RECORDS FOR PROCESSING:
=====

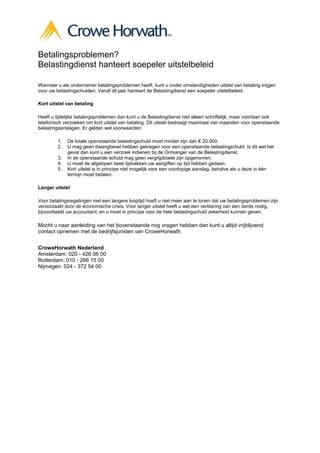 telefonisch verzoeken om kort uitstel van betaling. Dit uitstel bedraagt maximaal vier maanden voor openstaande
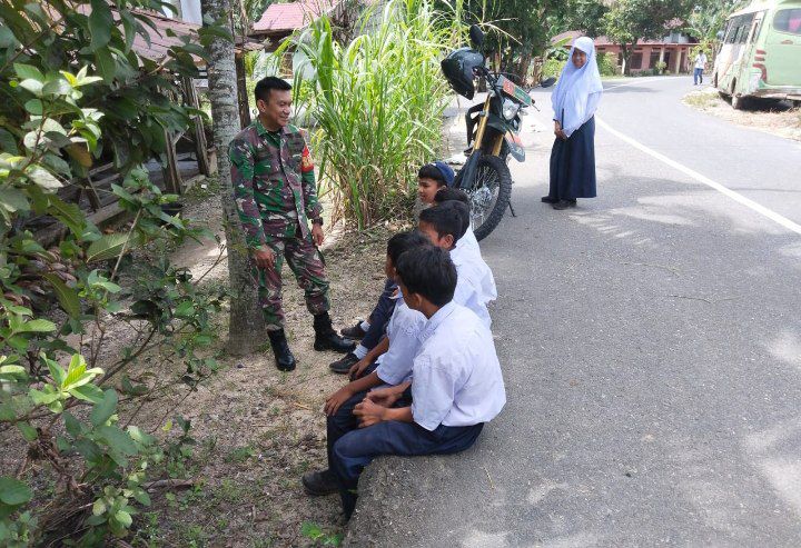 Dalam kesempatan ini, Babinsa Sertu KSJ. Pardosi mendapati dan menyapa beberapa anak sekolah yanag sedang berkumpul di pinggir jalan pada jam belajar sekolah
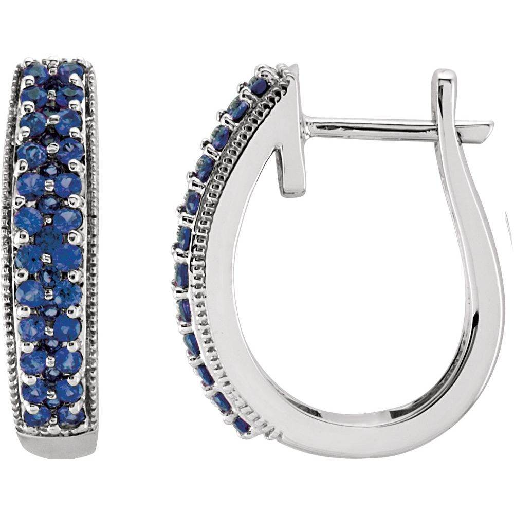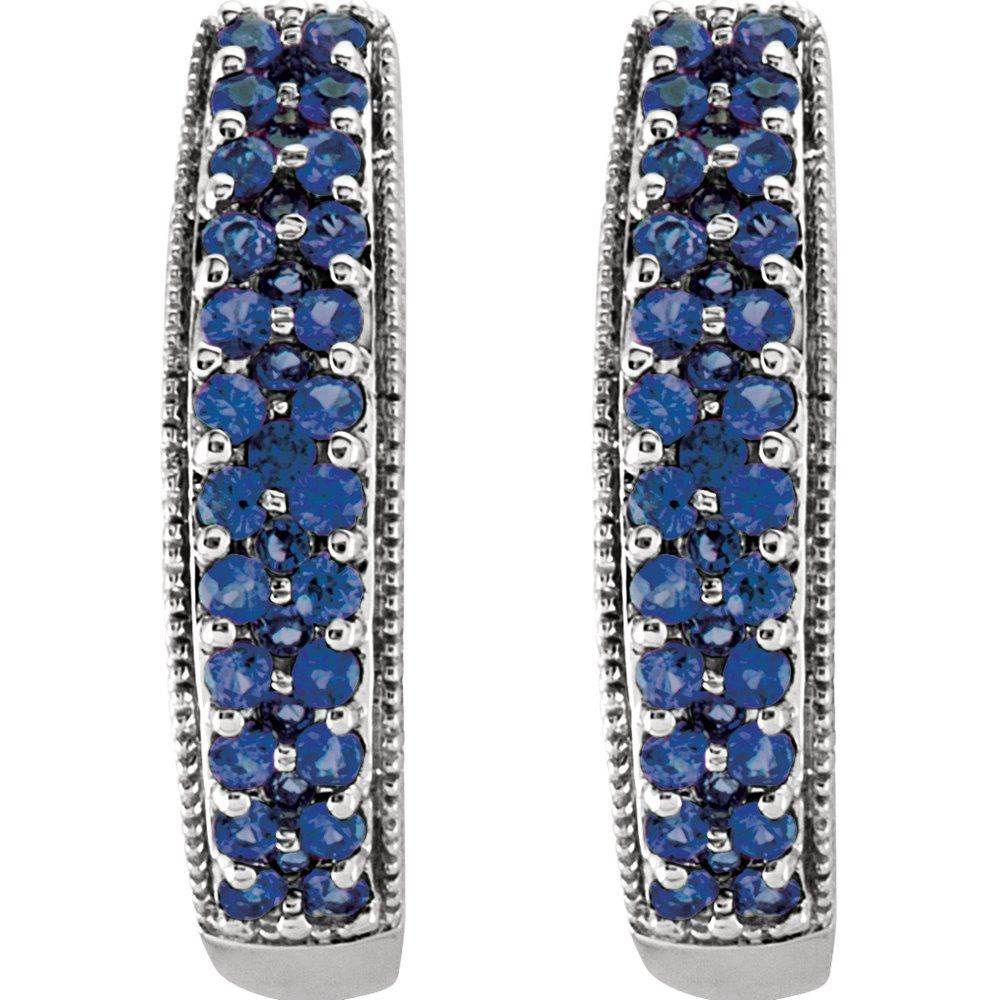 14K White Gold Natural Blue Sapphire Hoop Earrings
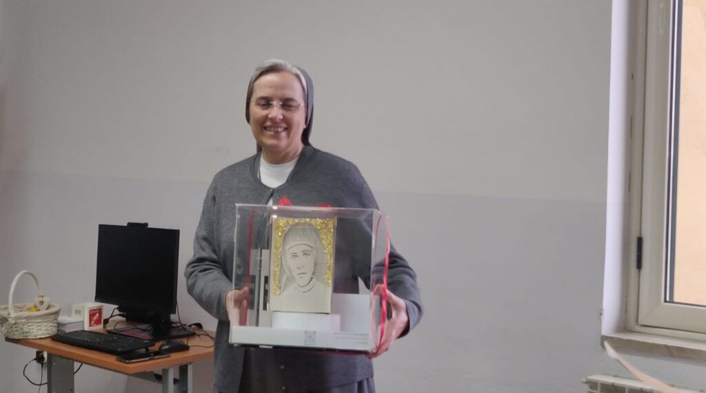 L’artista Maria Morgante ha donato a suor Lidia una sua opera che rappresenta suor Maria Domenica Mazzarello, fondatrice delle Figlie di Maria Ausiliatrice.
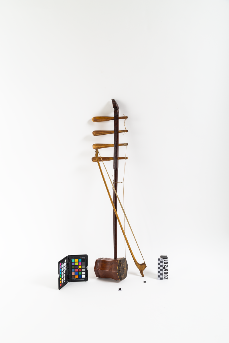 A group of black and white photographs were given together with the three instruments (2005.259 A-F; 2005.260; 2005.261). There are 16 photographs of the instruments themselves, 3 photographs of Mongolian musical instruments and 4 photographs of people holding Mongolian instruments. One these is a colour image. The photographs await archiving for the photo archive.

=====

ABOUT THIS EXERCISE: Please repeat, exactly as written, the lines in the records above, starting with the one that has "14K White Gold" and going on through the one that has "L’artista Maria Morgante". Pictures are to be left out.

ANSWER SPACE:
 14K White Gold Natural Blue Sapphire Hoop Earrings
 L’artista Maria Morgante ha donato a suor Lidia una sua opera che rappresenta suor Maria Domenica Mazzarello, fondatrice delle Figlie di Maria Ausiliatrice.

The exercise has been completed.